True Fiction
by Lee Goldberg
★★★★★
I almost DNF’d, then I realized right before my brain broke that …
True Fiction is a spoof. I thought you should know that right off the bat, since I was a little slow catching on and was really wondering. I might blame that on starting this book at 2:45 am and the fact it was listed as a thriller, but… maybe I was just slow. So, it’s a spoof – a very funny spoof/thriller. Think Naked Gun meets Jack Reacher meets Kingpin. Yes, True Fiction is replete with low brow humor, over the top sex scenes done for humor, tinfoil hats, sex dolls, cursing, puns and other word play, crude references, and yet more low brow humor. Amazingly enough, despite my awkward description, True Fiction is a really funny and sometimes silly story about a writer for a popular television show – about a cop who’s a plant that “can’t stand crime” – who thought up a really inventive terrorist scenario during a CIA event employing writers for television shows. Who else can think up original and crazy ideas that pull in the audience but those writers?

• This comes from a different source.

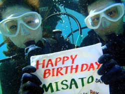 どうも、タクです。今日は砂辺でFUNダイビング担当です。メンバーは久しぶりのデカさん、マユさん、途中からはモッチーも参加して、4人で台風のウネリがすこし入りつつある砂辺へ行ってきました(汗)昨日からずっと透明度が良く、しかし少しだけ水温が下がってます。このことをアップウェアリングっていうんですよ(笑)1本目は左下のハゼ場へGO。ヤシャもヒレナガネジリンボウもいましたよ~。マユさんがハゼを真剣に撮ってる後ろで、デカさんが何やらモゾモゾとし始め、出てきたのはハッピーバースデイと書かれたタスキやらいろいろ出してきて突然お祝いしちゃいました(笑)俺も急に始まったもんだからあたふた(笑)わっちゃわちゃお祝いしちゃいました(^^)続く2本目でも、モッチーさんを交えてまずはジョーフィッシュを見て、イソコンペイトウも見て、さ~2本目もお祝いしちゃうぞってことで皆を集合させたわけですが・・・。まさかのマユさんが突然耳が抜けなくなり、恐らくイントラ人生初の、中層での誕生日祝いをしてきました(笑)いや~、フワッフワしましたよ(汗)でもバッチリ体に書いた素敵な文字をお披露目できたので、悔いは無いっす(笑)マユさん、おめでとうございます☆☆3本目は、デカさんとモッチーの2人で、ぶらりノープランダイビング♪一番良かったのは、開いた貝にウニをはさんで、プロポーズみたいに結婚指輪にしたことですかね(笑)さて、今夜は皆でバースデイお祝いしちゃいますよ(^^) |
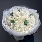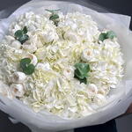 Этот крупный, роскошный букет — мастер-класс по монохромной фактуре. Используя только белые цветы и минимум зелени, акцент смещается на различные формы и строение лепестков. Букет оформлен многослойной обёрткой из тишью и матовой плёнки. Выбор полупрозрачной белой упаковки создаёт сияние вокруг цветов, подчёркивая их чистоту. Круглый, куполообразный силуэт делает его идеальным выбором для подарков премиум-класса, свадеб или официальных годовщин.

A few years later, Ian Ludlow writes novels about an (you got it) over-the-top James Bond-type spy who puts women into comas with his lovemaking. Ian’s on a book-signing tour when a plane crashes into Waikiki in a scenario that’s too close to Ian’s CIA terrorist plot to be coincidence. What Ian doesn’t know might get him killed, and what he doesn’t know – but he soon will – is that they’re already out to kill him. Not to mention, the audience for his terrorist scenario isn’t the one that he intended. Ian’s the last member of the writers dream team left alive. On the run with a dog walker and a paranoid ex-actor from the hit show, Hollywood and Vine, Ian must stay alive long enough to find out who’s really behind this dastardly plot. If he wants to see the closing credits, Ian must ask himself, “What would Straker do?”
Overall, this was a quirky fun read and I’m glad I chose it for my March Kindle First/First Reads. Recommended for those who want to laugh.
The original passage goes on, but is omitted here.